Здесь было его убежище, вдали от фермы и работы, здесь ему не надо было помнить о времени. Чарли шел к пасеке сквозь высокие травы и дикие цветы, чувствуя их запах и слушая тихое жужжание насекомых. У пчел были свои настроения, как и у людей, и температура, погода и свет по-разному на них влияли. Он изучал, как они движутся, от дрожащей массы роя до изящных отдельных танцев, которые сообщали, что где-то рядом лужайка с клевером. Он изучал крошечные тела пчел, дивясь деталям, совершенству их прозрачных крыльев и полосатому наряду.

Он снова ощутил, что сегодня случится что-то еще. В двух странных событиях было что-то незаконченное. Ему будет не по себе, пока этот вопрос не разрешится. Приближаясь к пасеке, Чарли слышал ровное гудение пчел, успокаивающую, почти ленивую вибрацию более чем сотни тысяч насекомых, лапки которых покрывала золотая пыльца; потом она будет преобразована в их драгоценный сладкий запас. Пчелы летали не очень хорошо; иногда, особенно в холодную погоду он чувствовал, с каким усилием они поднимались в воздух.

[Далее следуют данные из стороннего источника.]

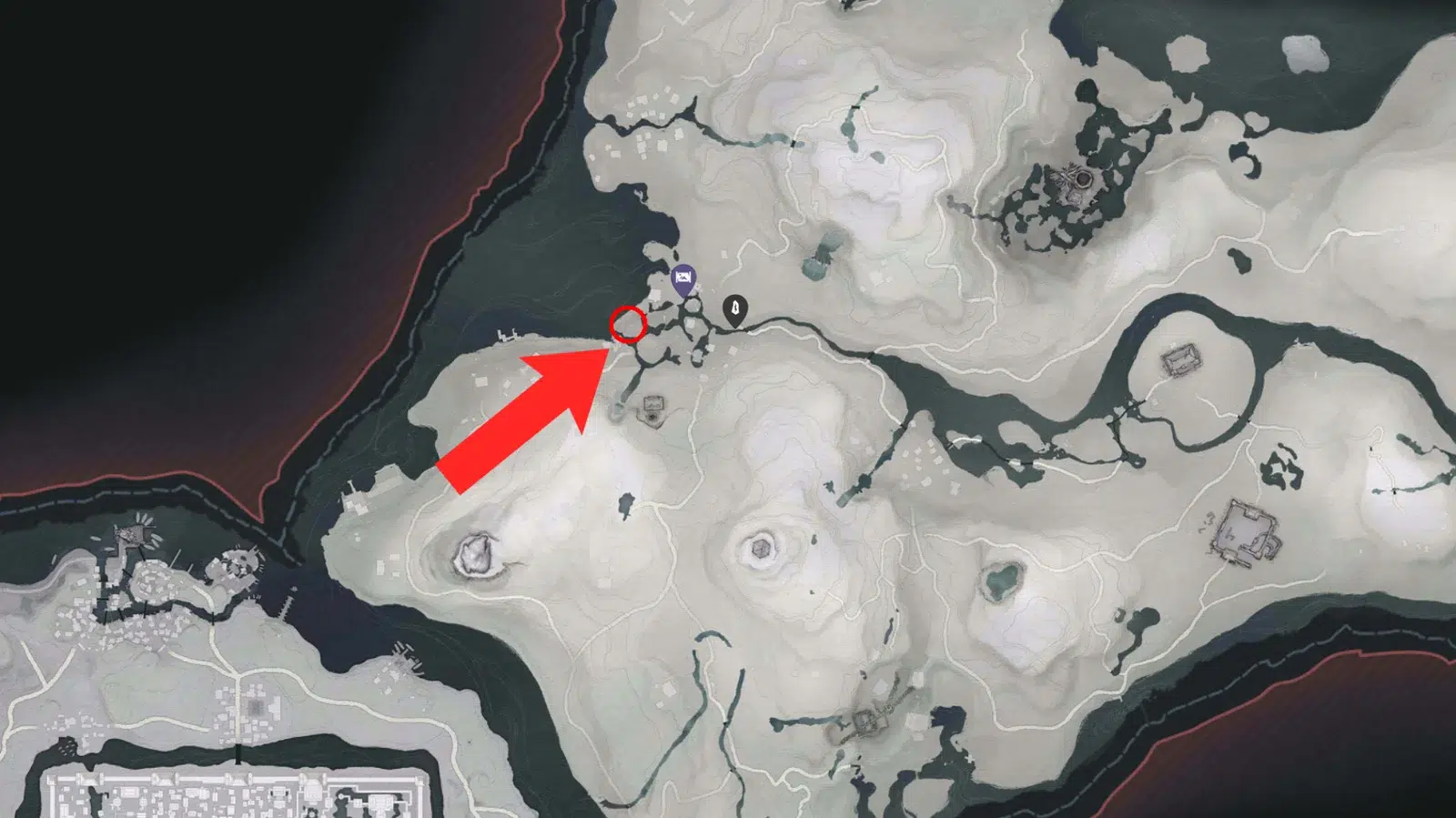 НПС у фонтана в Blissful Retreat открывает доступ к эмоции Giveaway. Важно включить многопользовательский режим. Идите к точке с названием Merit Pool рядом с Blissful Retreat. Она расположена на северо-западном побережье. На изображении Blissful Retreat отмечен фиолетовым маркером, а Merit Pool — красным кругом.

Чарли пробрался сквозь заросли чертополоха, ежевики и высоких трав, которые начали завоевывать с краев его маленькую пасечную лужайку. Он провел руками по душистым ветвистым травам и сладким шарикам клевера. Пчелы насытятся вволю. Он любил это укромное место над озером, скрытое гребнем холма от сильного ветра и суровой погоды. Он установил свои ульи точно там, где стояли старые, дугой вокруг центра маленькой низины, окруженной кустами боярышника и яблонями. При определенном освещении их можно было принять за священный круг камней.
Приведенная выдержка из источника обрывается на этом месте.